Senior hires brought on board to support growing client needs and continued growth
New York, NY – November 17, 2016 – GCI Health, a leading healthcare-focused global public relations agency, continued its record growth in 2016, adding 25 new hires across the agency’s offices to accommodate growth on a broad range of accounts spanning the pharmaceutical, biotech, medical technology, patient advocacy and healthcare IT sectors. This significant growth fueled expanded service offerings in corporate communications, digital and social media, content creation and creative design, as well as continued investment in its ‘best in the business’ media offering.
GCI Health Expands Corporate Offering with Key Senior Hire
Increasingly, GCI Health is brought in to redefine and shape the reputation and value of healthcare companies and clients, and to position their leadership in an evolving and progressively complex healthcare landscape. This portfolio of work also includes corporate media outreach, executive visibility, corporate social responsibility, access communications and employee engagement.
To support this growing need and build the agency’s corporate health communications offering, GCI Health has added Alexandra (Alex) Peterson as Senior Vice President. Alex will be responsible for overseeing the agency’s current work which is growing into larger corporate assignments, as well as managing the unprecedented opportunities the agency is experiencing in this arena from pharmaceutical, biotech, medical technology and health IT companies. As part of this, Alex will also focus on shaping the education and discussion around the introduction of biosimilars (biologic drugs that are highly similar to biopharmaceutical products) as the market forms in the U.S. and expands globally. Alex joins GCI Health from Makovsky, where she managed the healthcare practice.
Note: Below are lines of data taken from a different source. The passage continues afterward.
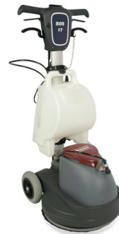
ROS 17 Orbital Floor Machine
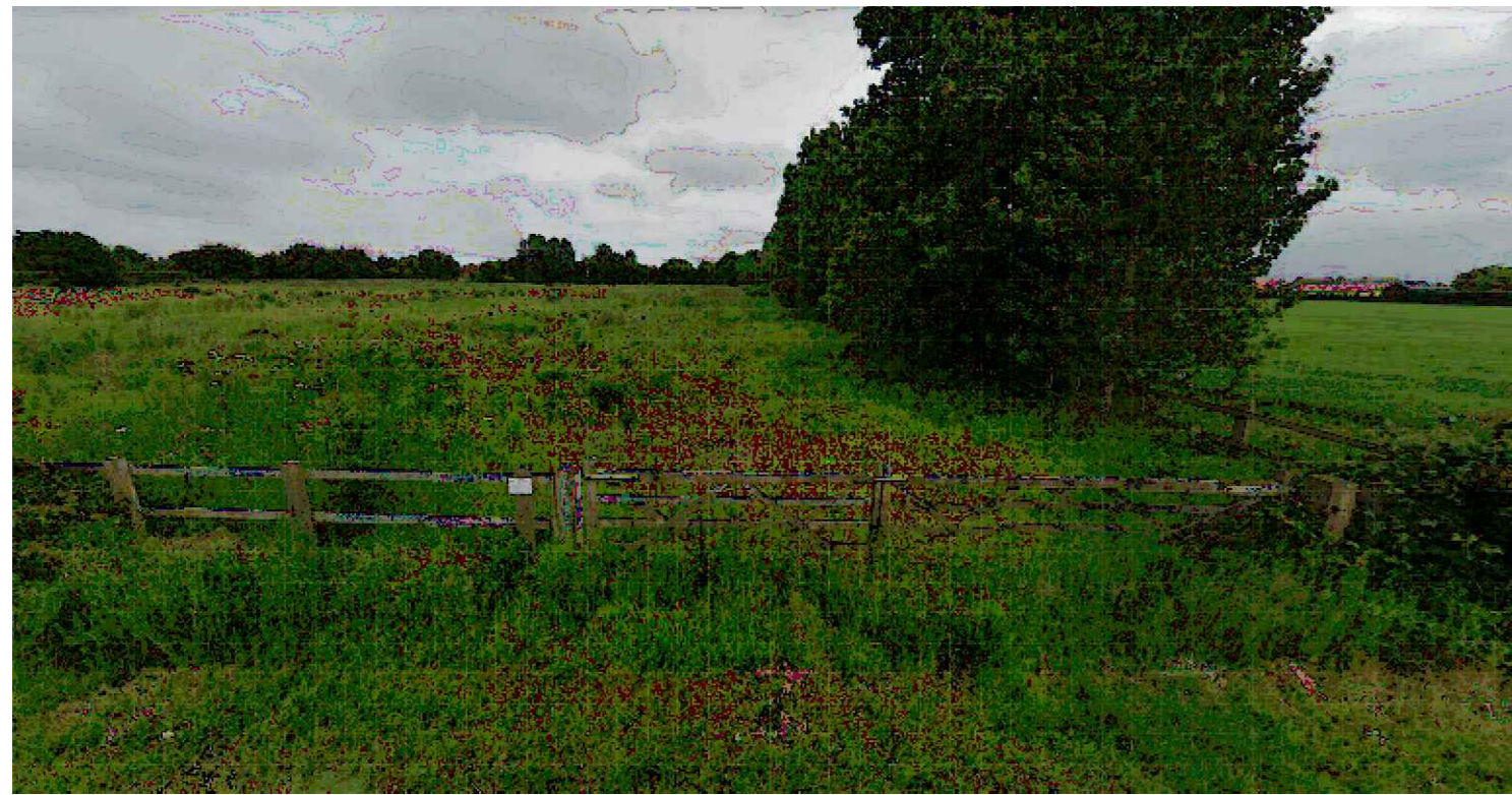
View 1 - Existing gated access at site.
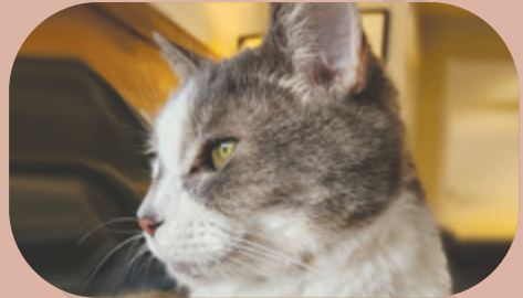
Squeeks, Mount Pleasant

“Over the last few years, we have dedicated ourselves to expanding our collective skillset to anticipate and meet our clients’ changing communications needs,” said Wendy Lund, CEO, GCI Health. “The addition of Alex further strengthens our corporate health offering and puts us in an excellent position to ensure that GCI Health continues to delight our clients and help them stand out in this very crowded – and likely to become more complex – healthcare space.”
GCI Health Expands Digital Team with an Expanded Focus on Content Creation
The healthcare industry is increasingly focused on content creation and marketing. GCI Health has helped its clients not only to keep pace, but to truly innovate in the digital healthcare space and “revolutionize realistically,” whether collaborating with clients to use augmented reality to show their commitment to corporate responsibility, helping to execute a major social promotional push to refresh a 10-year campaign or launch a suite of social channels featuring a branded Facebook community with open commenting (a rarity in the healthcare space).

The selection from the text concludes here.